Confronting populism: how can churches respond?

A screenshot of the webinar on the churches’ response to populism. Photo: LWF
A screenshot of the webinar on the churches’ response to populism. Photo: LWF

Webinar explores responsibilities and resources for Christians to resist exclusionary rhetoric

(LWI) - What do we mean by populism? Is it ever a good thing? Can democracy be manipulated? Is the church too political? How should Christians respond to the increasingly divisive and aggressive rhetoric of populist politicians? These challenging questions were at the heart of a wide-ranging online discussion on 25 June, jointly organized by the Lutheran World Federation (LWF), the Church of Norway and the Oslo-based think tank Skaperkraft.

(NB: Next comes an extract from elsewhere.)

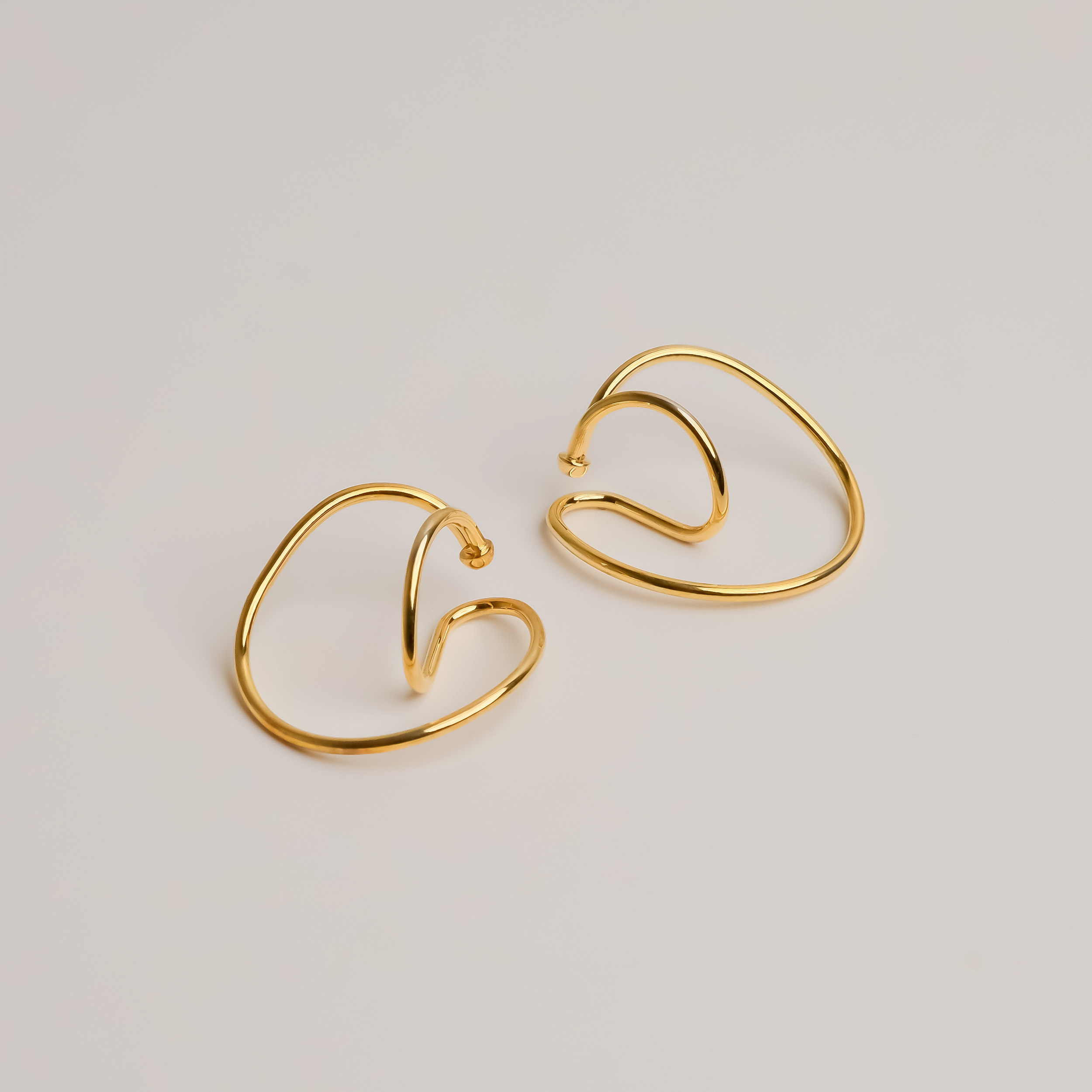 Embrace the allure of effortless chic with Fayah’s Twisted Gold Earcuffs. These captivating ear cuffs feature a unique design where the gold wire seems to dance and twist around the ear, creating a look that is both modern and unexpected. The sleek gold finish and dynamic movement add a touch of personality and individuality, making these ear cuffs a statement piece for the modern woman.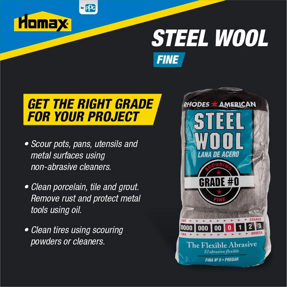Grade #0 Steel Wool is a flexible abrasive with a variety of uses. This product helps clean rough metals and stones as well as removes final paint residue when staining. Each bag contains 12 pads for multiple uses.

The webinar, moderated by LWF’s Program Executive for Public Theology and Interreligious Relations, Rev. Dr Sivin Kit, was designed to help church leaders at all levels seeking to navigate a shifting political landscape that is impacted by the consequences of the COVID-19 pandemic. Speakers explored the responsibility of individuals and communities of believers, as well as the resources that churches can draw on to model gospel values of inclusion, compassion, justice and reconciliation.

Community organizer and professor of theological ethics at Duke University in North Carolina, Luke Bretherton began by defining two types of populism: a positive, democratic version which encourages equal representation and participation in the common good, as opposed to a negative form which seeks to advance personal interest while avoiding the checks and balances of democratic institutions.

Humility, courage, hope

Archbishop Antje Jackelén, head of the Church of Sweden and LWF vice-president for the Nordic region, shared her conviction that populism forms part of a broader explosive package, which she calls ‘the five Ps’, including polarization, protectionism, post-truth, and patriarchy. All these attitudes and behaviors reveal “a surplus of fear and a deficit of hope,” she said.

The Swedish archbishop, who regularly shares the church’s perspectives on radio, television and social media, said Christians can combat such negative rhetoric through “a theology of resilience, a theology of co-existence and a theology of hope.” Churches must be both humble yet courageous in reclaiming a voice in the public debate, she insisted, adding that the LWF has published a practical resource entitled: 'The Church in the Public Space’.

German theologian Simone Sinn, the World Council of Churches (WCC) Program Executive for Faith and Order and professor at the Bossey Ecumenical Institute, looked at the responses of Germany’s Protestant and Catholic churches to the increasingly hostile political discourse that divides politicians, communities, churches and families. Stressing that Christians must engage with these issues in new ways, Sinn said the churches’ contribution to the public debate is not just abstract ideology, but is drawn directly from their hands-on experience of working with refugees and other marginalized people.

Speakers noted that democratic values can never be taken for granted but must be cultivated and nourished by each new generation. The recent rise in exclusionary populist rhetoric is a consequence of our failure to tend and care for the common good, they said. If churches take seriously their belief in God’s free gift of salvation, they can confidently contribute to this task by sharing a vision of hope that is rooted in the values of inclusion, compassion, justice and love.